As discussed in this article, shareholders at an AGM can pass resolutions as special resolutions and as ordinary resolutions. Unless otherwise stated in a company’s articles of association, these resolutions can be passed by the percentage of shareholders eligible to vote at the meeting that is stated in the Companies Act 2006 (75% for special resolutions; a simple majority for ordinary resolutions). In some circumstances where resolutions can alter the constitution of the company or shift the balance of power of the shareholders, a company’s articles may require a resolution to be passed by a unanimous vote to protect the status quo or the interests of minority shareholders.

Amendments to resolutions

Amendments to resolutions are rare and for special resolutions, in general it is accepted that amendments cannot be made other than to correct a typographical mistake. Amendments to ordinary resolutions can be made if the amendments are contemplated by the notice of the meeting, do not place any additional obligations on the company than the original resolution(s) and do not change the substance of the original resolutions.

 The quorum requirements for an annual general meeting

The quorum of a general meeting is the minimum number of shareholders that must be present at the general meeting to make the proceedings of that meeting valid. Once the threshold is met, the meeting is said to be ‘quorate’. The specific minimum number will depend on the type of company and what is written in the company’s articles of association (which often set out a number). If the meeting is not quorate, the business approved at the meeting and any decisions made or approved relating to the company are not valid and so the meeting will need to be adjourned until the correct attendees are available.

The Companies Act 2006 states that for a company limited by shares or guarantee and having only one member, one qualifying person present at a meeting is a quorum. For all other cases, unless the company’s articles of association state otherwise, two qualifying people must be present at a meeting for the meeting to be quorate. The two people have to represent different shareholders. A qualifying person is: an individual who is a member of the company; a person authorised to represent a corporation at a meeting; or a person appointed as proxy of a member in relation to the meeting.

The chairing process for annual general meetings

A company’s articles of association will usually set out the process for chairing a meeting which may include practicalities (such as location and timing) that are specific to the company. The Companies Act 2006 also sets out a process for the chair of a meeting to consider and this will differ depending on whether the company is a public listed company or not. The UK Corporate Governance Code emphasizes that in general at meetings a chairman’s role is to be an impartial facilitator of the meeting and to make sure that the agenda of the meeting is followed. For shareholder meetings, a shareholder or the proxy of a shareholder can be appointed chair but usually if the directors of the company have appointed a chairperson, that person will chair the meeting if they are present.
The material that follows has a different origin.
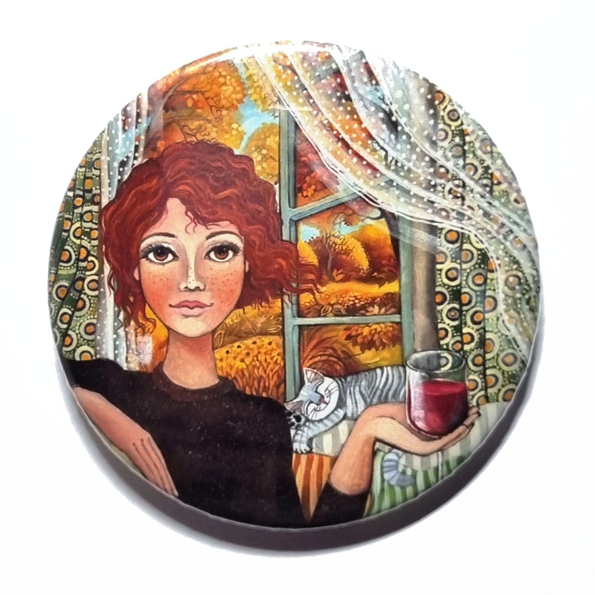 Kapesní zrcátko s autorským motivem české výtvarnice Zuzany Honsové. Z jedné strany je autorský motiv, z druhé strany klasické kosmetické zrcátko.

Adjourning an annual general meeting

If an annual general meeting does not have the required quorum or if there is a dispute that means the meeting cannot carry on, the meeting can be adjourned, usually by the chair of the meeting, or if the meeting resolves to adjourn, or by another way specified in the company’s articles of association.

What happens after an annual general meeting?

What happens after an annual general meeting will depend on the business discussed and the decisions made and approved at the meeting itself. The company will produce minutes that will be kept at the company’s office and will update or amend any registers that it needs to. The company secretary (if the company has one) or the company’s directors will send the requisite resolutions or supporting documentation to the necessary regulators (for example Companies House so that the Registrar of Companies can update the Companies’ Register). In the case of public, listed or trading companies, the company will update their website and if necessary, notify the relevant press or announce any updated information to the relevant markets if required.